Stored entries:

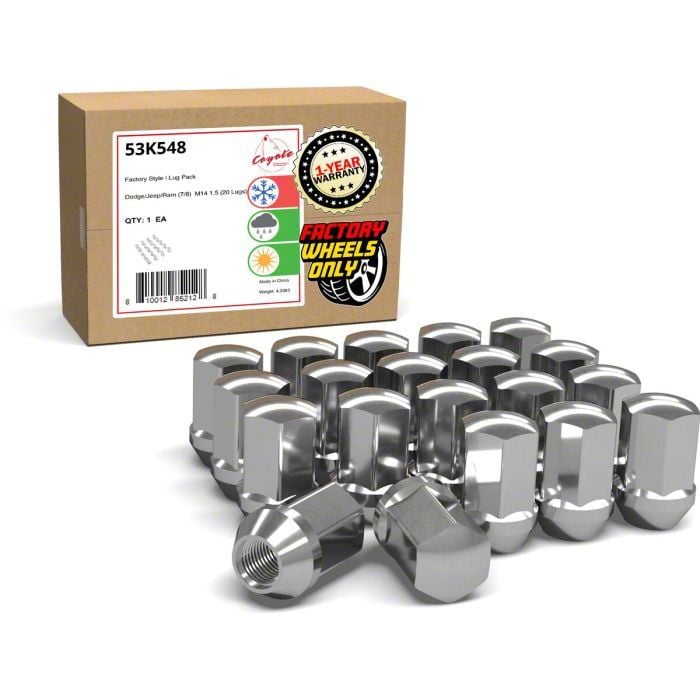 Secure and Stylish. The Chrome Factory Style Lug Nut Kit is meticulously engineered to offer a secure and stylish solution for wheel installation. This kit includes 20 OEM-style lug nuts, featuring a shank conical seat design that ensures a snug and safe fit, while the chrome finish adds a touch of elegance to your vehicle's wheels.
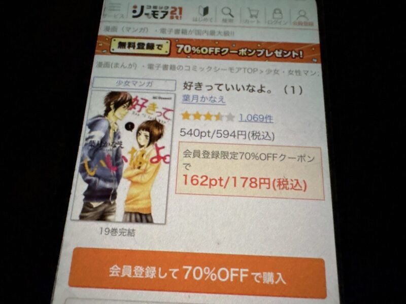 また、ブックライブは会員登録するだけで1冊限定の70%オフクーポンがもらえます
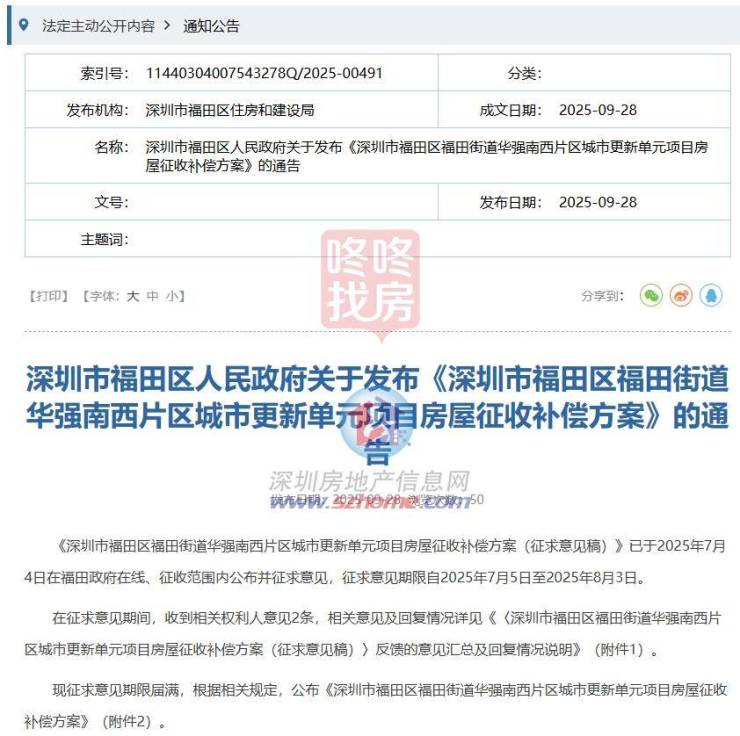 2024年8月,福田区福田街道华强南西片区城市更新单元房屋搬迁补偿权利主体公示。
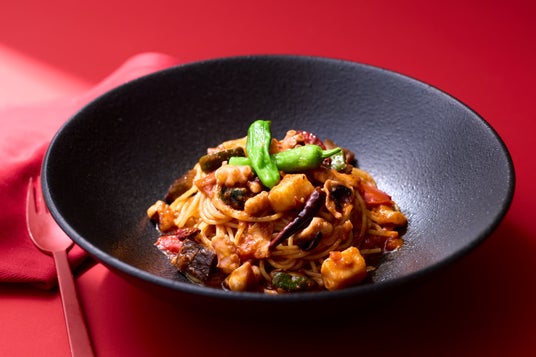 蒸しなすとひき肉のごま香る冷製スパゲティ
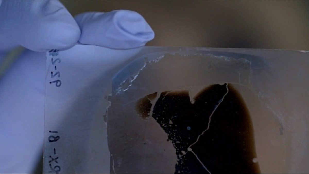 Mary's first discovery. What looked like the blood cells of a 66 million year old T-rex. Under the microscope they showed red and nucleated.
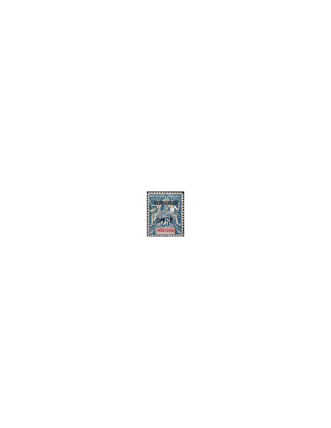 Timbre d'Indochine de 1892-1900, surchargé avec mention "YUNNANSEN" et valeur en monnaie locale.
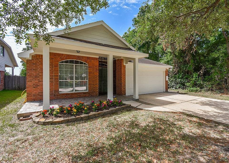 Welcome to this beautifully maintained 3-bedroom, 2-bath, 2-car garage home nestled in a quiet Fully Gated North Houston neighborhood. From the moment you arrive, you'll love the inviting covered front porch—perfect for relaxing evenings. Inside, enjoy fresh interior paint, wood-look laminate flooring throughout, tile in all wet areas for easy maintenance. This home features a versatile study, the large kitchen offers abundant counter space, 42-inch cabinetry, and opens seamlessly to the spacious living room anchored by a cozy fireplace—perfect for entertaining. Retreat to the generous primary suite with high ceilings, a walk-in closet, and luxurious ensuite bath with dual vanities, garden tub, and separate shower. Secondary bedrooms are roomy and well-appointed, offering comfort and privacy for family or guests. Step outside to a large covered back patio—ideal for year-round enjoyment. Plus, enjoy added privacy with no neighbors to the right!
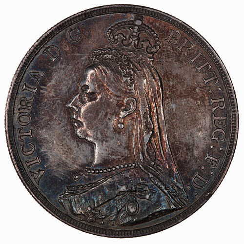 A crown is a 5 shillings coin. Struck as part of a new coinage to celebrait the Golden Jubilee of Queen Victoria, 1837-1887. The coins all shared a new obverse of the Queen, adapted from Boehm's own Jubillee medal. It proved unpopular and was replaced in 1893.
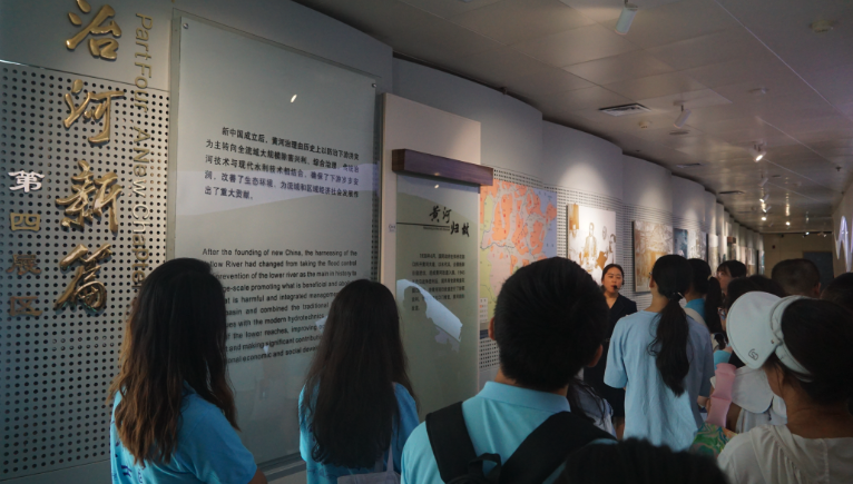 7月11日-12日,实践团分别前往模型黄河基地,黄河博物馆,花园口水文站、小浪底水利枢纽等地考察学习。在模型黄河基地,实践团师生在工作人员的引导下参观了与黄河等比例缩放的黄河下游河道试验厅以及世界上最大的人工控制降雨实验室。在黄河博物馆,团队依次参观了流域地理、民族摇篮、千秋治河、治河新篇及人水和谐五个展区,充分了解了建国以来我国水利建设的发展过程、取得的伟大成绩以及新时代下“人水和谐,保护黄河生态”的治黄理念。在花园口水文站,团队有序参观了花园口Cs34断面、花园口扒口记事广场、花园口水文站,并进站参观了花园口水文站前线指挥系统,了解了在“数字孪生黄河建设规划”指导下治黄措施从过去的零散化、无序化向数字化、网络化、智能化的变迁过程。在小浪底水利枢纽,实践团参观了小浪底大坝以及水力发电站内部,对工程的构造和功能、黄河调水调沙等知识进行深入学习,对于小浪底水利枢纽建设背后的红色故事以及其“让黄河成为造福人民的幸福河”的成就叹为观止并深感自豪。
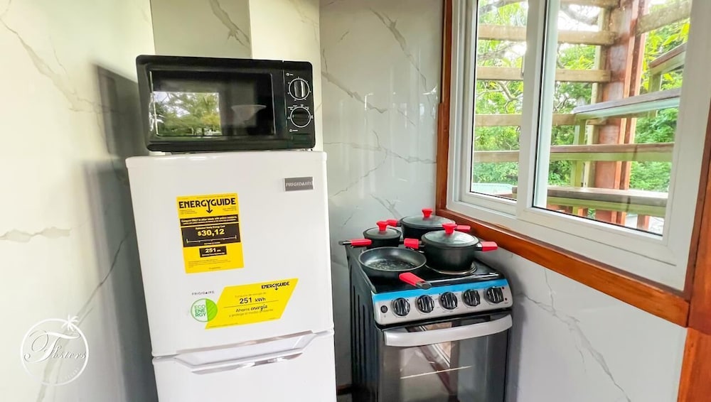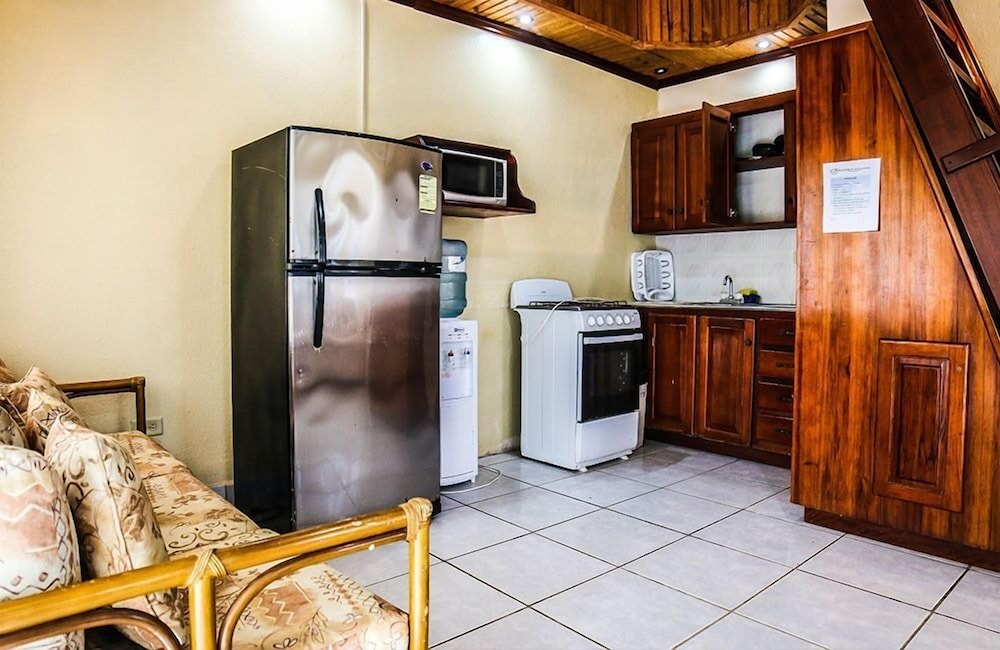 -the property claims a kitchenette, and although the cabinets are loaded with pans, there is mo stove, and the microwave would not pop a bag of popcorn.
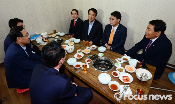(서울=포커스뉴스) 정진석 새누리당 원내대표, 박명재 사무총장, 김도읍 원내수석부대표가 29일 오후 서울 여의도 한 음식점에서 열린 복당 의원들과의 오찬에 참석해 의원들과 대화하고 있다. 이날 오찬에는 최근 복당한 안상수, 윤상현, 장제원, 주호영 의원 등이 참석했다.
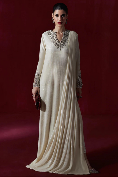 Poussière de Lune is an exquisite masterpiece, crafted from the finest chiffon in a soft, ethereal hue that glimmers with intricate hand embellishments. The luxurious frosted chiffon drapes the body with delicate grace, while a cascade of scintillating sequins adds a mesmerizing touch of opulence. The meticulously draped dupatta, adorned with sequins, is elegantly fastened to the shirt, creating an effortlessly regal and formal look. Perfect for a grand occasion, this ensemble combines ethereal beauty with timeless sophistication. Elan - Lumière'24 guarantees 100% authenticity, with pre-booked orders delivered in 12 weeks.

### Exercise instructions
Please print all the entries exactly as written, but drop the pictures.

### Task answer
 Secure and Stylish. The Chrome Factory Style Lug Nut Kit is meticulously engineered to offer a secure and stylish solution for wheel installation. This kit includes 20 OEM-style lug nuts, featuring a shank conical seat design that ensures a snug and safe fit, while the chrome finish adds a touch of elegance to your vehicle's wheels.
 また、ブックライブは会員登録するだけで1冊限定の70%オフクーポンがもらえます
 2024年8月,福田区福田街道华强南西片区城市更新单元房屋搬迁补偿权利主体公示。
 蒸しなすとひき肉のごま香る冷製スパゲティ
 Mary's first discovery. What looked like the blood cells of a 66 million year old T-rex. Under the microscope they showed red and nucleated.
 Timbre d'Indochine de 1892-1900, surchargé avec mention "YUNNANSEN" et valeur en monnaie locale.
 Welcome to this beautifully maintained 3-bedroom, 2-bath, 2-car garage home nestled in a quiet Fully Gated North Houston neighborhood. From the moment you arrive, you'll love the inviting covered front porch—perfect for relaxing evenings. Inside, enjoy fresh interior paint, wood-look laminate flooring throughout, tile in all wet areas for easy maintenance. This home features a versatile study, the large kitchen offers abundant counter space, 42-inch cabinetry, and opens seamlessly to the spacious living room anchored by a cozy fireplace—perfect for entertaining. Retreat to the generous primary suite with high ceilings, a walk-in closet, and luxurious ensuite bath with dual vanities, garden tub, and separate shower. Secondary bedrooms are roomy and well-appointed, offering comfort and privacy for family or guests. Step outside to a large covered back patio—ideal for year-round enjoyment. Plus, enjoy added privacy with no neighbors to the right!
 A crown is a 5 shillings coin. Struck as part of a new coinage to celebrait the Golden Jubilee of Queen Victoria, 1837-1887. The coins all shared a new obverse of the Queen, adapted from Boehm's own Jubillee medal. It proved unpopular and was replaced in 1893.
 7月11日-12日,实践团分别前往模型黄河基地,黄河博物馆,花园口水文站、小浪底水利枢纽等地考察学习。在模型黄河基地,实践团师生在工作人员的引导下参观了与黄河等比例缩放的黄河下游河道试验厅以及世界上最大的人工控制降雨实验室。在黄河博物馆,团队依次参观了流域地理、民族摇篮、千秋治河、治河新篇及人水和谐五个展区,充分了解了建国以来我国水利建设的发展过程、取得的伟大成绩以及新时代下“人水和谐,保护黄河生态”的治黄理念。在花园口水文站,团队有序参观了花园口Cs34断面、花园口扒口记事广场、花园口水文站,并进站参观了花园口水文站前线指挥系统,了解了在“数字孪生黄河建设规划”指导下治黄措施从过去的零散化、无序化向数字化、网络化、智能化的变迁过程。在小浪底水利枢纽,实践团参观了小浪底大坝以及水力发电站内部,对工程的构造和功能、黄河调水调沙等知识进行深入学习,对于小浪底水利枢纽建设背后的红色故事以及其“让黄河成为造福人民的幸福河”的成就叹为观止并深感自豪。
 -the property claims a kitchenette, and although the cabinets are loaded with pans, there is mo stove, and the microwave would not pop a bag of popcorn.
(서울=포커스뉴스) 정진석 새누리당 원내대표, 박명재 사무총장, 김도읍 원내수석부대표가 29일 오후 서울 여의도 한 음식점에서 열린 복당 의원들과의 오찬에 참석해 의원들과 대화하고 있다. 이날 오찬에는 최근 복당한 안상수, 윤상현, 장제원, 주호영 의원 등이 참석했다.
 Poussière de Lune is an exquisite masterpiece, crafted from the finest chiffon in a soft, ethereal hue that glimmers with intricate hand embellishments. The luxurious frosted chiffon drapes the body with delicate grace, while a cascade of scintillating sequins adds a mesmerizing touch of opulence. The meticulously draped dupatta, adorned with sequins, is elegantly fastened to the shirt, creating an effortlessly regal and formal look. Perfect for a grand occasion, this ensemble combines ethereal beauty with timeless sophistication. Elan - Lumière'24 guarantees 100% authenticity, with pre-booked orders delivered in 12 weeks.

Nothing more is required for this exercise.